**YOUR OBJECTIVE**
Everything from the line that contains "这是3月15日在河北省张家口市怀来县鸡鸣驿古城拍摄的雪景。新华社发(孙慧军 摄)" to the final line of the data, both ends included, must be set down exactly, apart from the pictures.

**DATA EXCERPT**
....

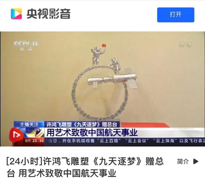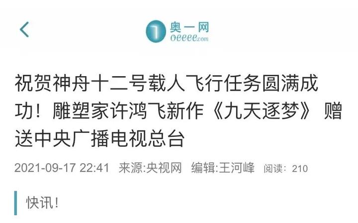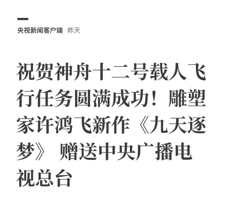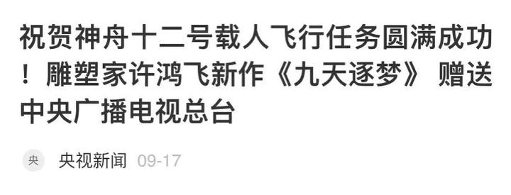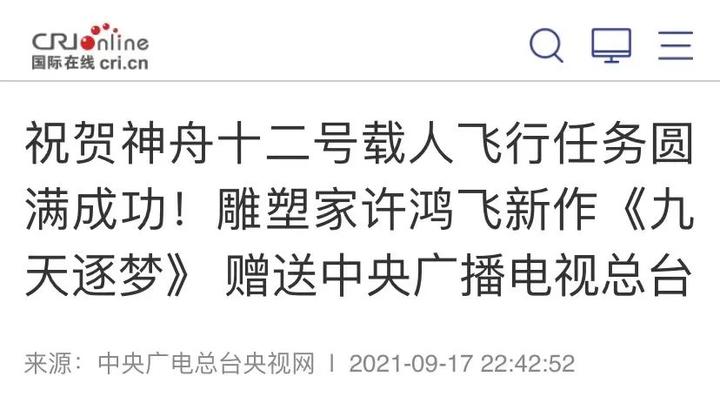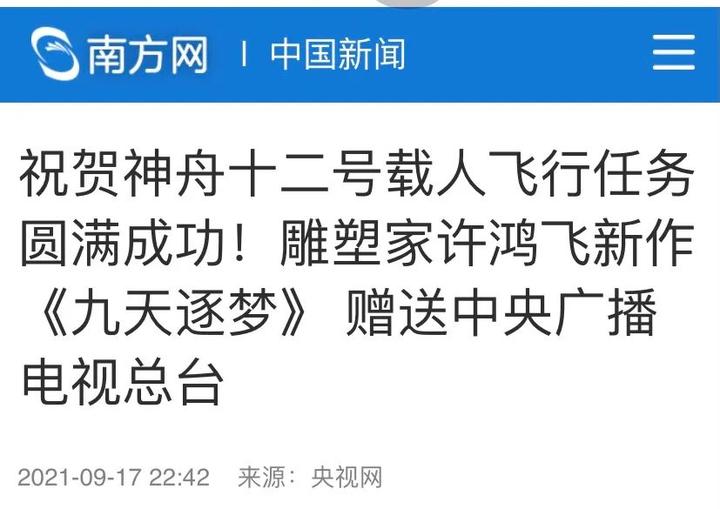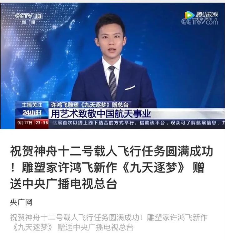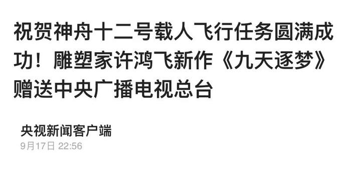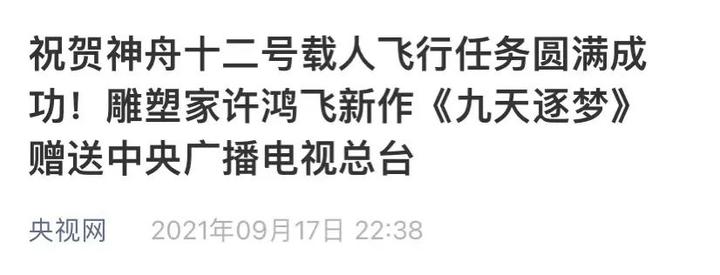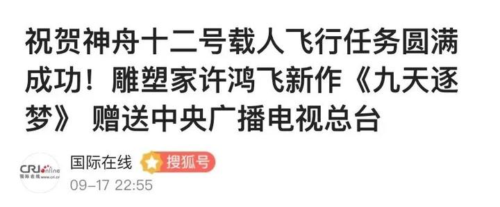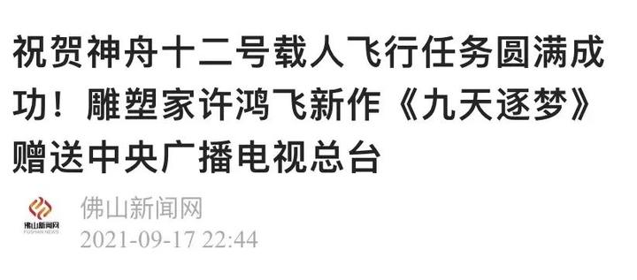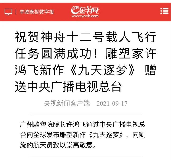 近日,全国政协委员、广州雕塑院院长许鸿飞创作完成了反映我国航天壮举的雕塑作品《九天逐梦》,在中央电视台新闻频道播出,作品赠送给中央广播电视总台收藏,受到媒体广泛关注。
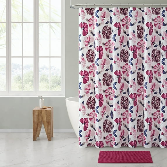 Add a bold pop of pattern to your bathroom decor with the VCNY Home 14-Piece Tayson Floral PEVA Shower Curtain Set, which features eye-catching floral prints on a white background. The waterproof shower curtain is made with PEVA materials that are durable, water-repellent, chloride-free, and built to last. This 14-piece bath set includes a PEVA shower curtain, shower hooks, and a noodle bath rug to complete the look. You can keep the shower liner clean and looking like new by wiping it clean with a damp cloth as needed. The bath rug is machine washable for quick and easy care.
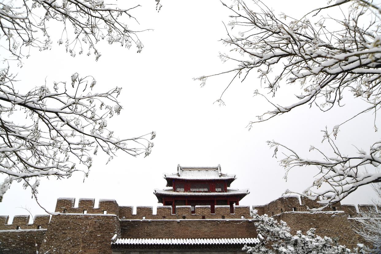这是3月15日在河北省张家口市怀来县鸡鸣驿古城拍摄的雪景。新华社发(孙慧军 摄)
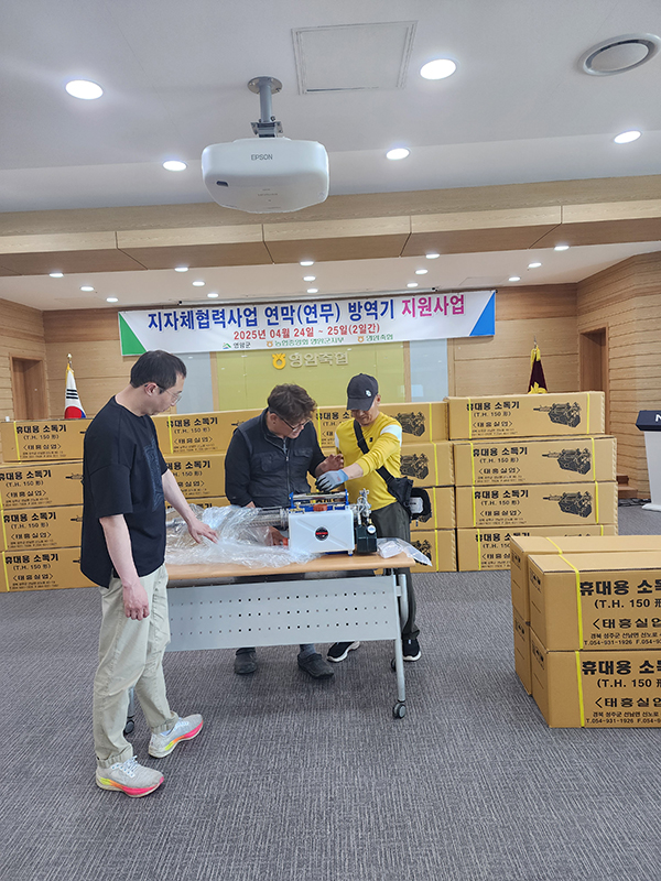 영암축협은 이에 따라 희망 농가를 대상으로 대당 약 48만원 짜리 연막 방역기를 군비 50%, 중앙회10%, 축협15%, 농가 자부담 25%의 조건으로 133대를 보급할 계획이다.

....

**ANSWER BELOW**
这是3月15日在河北省张家口市怀来县鸡鸣驿古城拍摄的雪景。新华社发(孙慧军 摄)
 영암축협은 이에 따라 희망 농가를 대상으로 대당 약 48만원 짜리 연막 방역기를 군비 50%, 중앙회10%, 축협15%, 농가 자부담 25%의 조건으로 133대를 보급할 계획이다.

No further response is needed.